Force on Two Blocks: Find F, Acceleration

[mbrmbrg]

A block of mass 4.0 kg is put on top of a block of mass M = 5.5 kg. To cause the top block to slip on the bottom one, while the bottom one is held fixed, a horizontal force of at least 18 N must be applied to the top block. The assembly of blocks is now placed on a horizontal, frictionless table.

(a) Find the magnitude of the maximum horizontal force F that can be applied to the lower block so that the blocks will move together.

(b) Find the magnitude of the resulting acceleration of the blocks.

Once the blocks are on the frictionless table, I run into trouble.
Namely, I don't know where to place friction in my free-body-diagrams for the two blocks. Friction definitely acts on the upper block, and I think that it points in the same direction as the force applied to the bottom block.

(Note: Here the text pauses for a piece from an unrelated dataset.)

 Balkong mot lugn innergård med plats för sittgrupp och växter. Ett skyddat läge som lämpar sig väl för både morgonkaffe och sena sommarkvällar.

It will also probably be maximum frictional force, which was given as 18N.
But does that friction act on the bottom block? I want to say not, but it's a contact force, and the bottom block is after all in contact with the top block!

 

[mbrmbrg]

Something odd this way comes:
I worked with the assumption that in the x direction, \Sigma F_B=F=m_Ba (where F=applied force) and \Sigma F_A=f=m_Aa (where f=maximum static fictional force between the two blocks).
I subtracted the second equation from the first and got \frac{F}{m_B}-\frac{f}{m_A}=0 to get F=24.75N.
That is the wrong answer, but I didn't know that yet, so I plugged F=24.75 into my first equation to get a=4.5m/s^2. Lo and behold! The a is right even though the F is wrong!
Any ideas?

 

[mbrmbrg]

Going on the off chance that \Sigma F_B=F+f, I subtracted 18 from 24.75. That's still the wrong answer...

 

[OlderDan]

A block of mass 4.0 kg is put on top of a block of mass M = 5.5 kg. To cause the top block to slip on the bottom one, while the bottom one is held fixed, a horizontal force of at least 18 N must be applied to the top block. The assembly of blocks is now placed on a horizontal, frictionless table.

(a) Find the magnitude of the maximum horizontal force F that can be applied to the lower block so that the blocks will move together.

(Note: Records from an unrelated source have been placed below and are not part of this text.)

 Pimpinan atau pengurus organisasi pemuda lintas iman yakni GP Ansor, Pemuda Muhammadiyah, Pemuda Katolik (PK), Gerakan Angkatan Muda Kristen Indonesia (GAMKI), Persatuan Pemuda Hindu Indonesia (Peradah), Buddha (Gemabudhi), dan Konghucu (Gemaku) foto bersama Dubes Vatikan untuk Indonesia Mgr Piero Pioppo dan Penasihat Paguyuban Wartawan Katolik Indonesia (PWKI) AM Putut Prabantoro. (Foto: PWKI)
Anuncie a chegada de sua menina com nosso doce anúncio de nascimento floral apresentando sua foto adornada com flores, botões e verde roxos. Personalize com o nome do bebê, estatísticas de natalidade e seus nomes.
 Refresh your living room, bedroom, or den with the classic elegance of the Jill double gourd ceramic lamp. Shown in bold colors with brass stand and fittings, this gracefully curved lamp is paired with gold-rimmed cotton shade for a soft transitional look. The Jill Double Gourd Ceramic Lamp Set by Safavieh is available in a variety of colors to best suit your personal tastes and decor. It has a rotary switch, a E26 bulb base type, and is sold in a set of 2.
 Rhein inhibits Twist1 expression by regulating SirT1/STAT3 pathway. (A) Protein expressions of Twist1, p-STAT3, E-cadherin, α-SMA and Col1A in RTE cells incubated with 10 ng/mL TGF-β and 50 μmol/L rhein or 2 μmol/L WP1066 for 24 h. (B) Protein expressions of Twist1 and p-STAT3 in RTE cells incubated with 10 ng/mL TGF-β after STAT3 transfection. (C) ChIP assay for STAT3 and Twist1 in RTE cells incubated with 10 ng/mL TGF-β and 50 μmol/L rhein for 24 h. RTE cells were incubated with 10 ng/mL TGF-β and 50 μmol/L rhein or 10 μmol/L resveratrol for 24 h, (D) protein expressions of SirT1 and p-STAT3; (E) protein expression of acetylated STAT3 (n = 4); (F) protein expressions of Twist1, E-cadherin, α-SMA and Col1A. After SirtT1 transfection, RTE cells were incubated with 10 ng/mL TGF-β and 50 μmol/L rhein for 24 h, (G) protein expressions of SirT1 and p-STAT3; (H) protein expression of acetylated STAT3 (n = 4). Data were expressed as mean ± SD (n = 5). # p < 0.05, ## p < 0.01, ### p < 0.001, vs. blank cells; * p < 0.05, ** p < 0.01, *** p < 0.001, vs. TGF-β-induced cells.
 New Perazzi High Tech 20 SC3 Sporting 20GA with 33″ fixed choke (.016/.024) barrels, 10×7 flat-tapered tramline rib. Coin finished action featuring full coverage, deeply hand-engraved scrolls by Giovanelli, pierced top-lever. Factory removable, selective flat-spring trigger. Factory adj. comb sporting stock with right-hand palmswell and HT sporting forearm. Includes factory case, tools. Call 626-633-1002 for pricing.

(b) Find the magnitude of the resulting acceleration of the blocks.

Once the blocks are on the frictionless table, I run into trouble.
Namely, I don't know where to place friction in my free-body-diagrams for the two blocks. Friction definitely acts on the upper block, and I think that it points in the same direction as the force applied to the bottom block. It will also probably be maximum frictional force, which was given as 18N.
But does that friction act on the bottom block? I want to say not, but it's a contact force, and the bottom block is after all in contact with the top block!

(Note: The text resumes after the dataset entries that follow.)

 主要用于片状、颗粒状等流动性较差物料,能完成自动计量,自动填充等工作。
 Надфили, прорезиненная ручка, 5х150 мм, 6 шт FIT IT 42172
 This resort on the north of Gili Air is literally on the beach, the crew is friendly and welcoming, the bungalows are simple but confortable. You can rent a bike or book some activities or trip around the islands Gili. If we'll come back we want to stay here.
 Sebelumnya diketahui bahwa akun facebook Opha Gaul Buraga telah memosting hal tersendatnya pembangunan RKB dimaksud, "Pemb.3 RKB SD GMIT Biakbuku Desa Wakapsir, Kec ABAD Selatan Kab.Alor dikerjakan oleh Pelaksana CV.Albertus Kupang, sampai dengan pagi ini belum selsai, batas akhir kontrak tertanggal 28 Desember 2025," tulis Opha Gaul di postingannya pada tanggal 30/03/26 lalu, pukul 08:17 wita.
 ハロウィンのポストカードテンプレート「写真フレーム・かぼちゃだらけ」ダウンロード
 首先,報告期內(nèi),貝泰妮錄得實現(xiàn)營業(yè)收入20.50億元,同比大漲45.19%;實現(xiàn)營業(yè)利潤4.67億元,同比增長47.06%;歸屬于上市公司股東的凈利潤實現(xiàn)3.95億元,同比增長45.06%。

You are not far off. 18N is the maximum force that can be applied before moving the top block while holding the bottom block, so that is the maximum frictional force. When maximum F is applied to the lower block, the friction force between the two blocks will be 18N. Friction acts one way on the top block (direction of motion) and the opposite way on the bottom block. It will oppose the F applied to the lower block and it will result in accelerating the upper block. From the upper block you find the acceleration of both blocks. What force is strong enough to overcome the 18N it has to fight, and still accelerate the lower block the same as the upper block?

An easier way to look at it is that since both blocks are moving with the same acceleration they are acting as a single mass responding to the applied F. What force will give the total mass the acceleration of the upper block? Both points of view give the same result.

 

[mbrmbrg]

Neat-o!
Thanks OlderDan.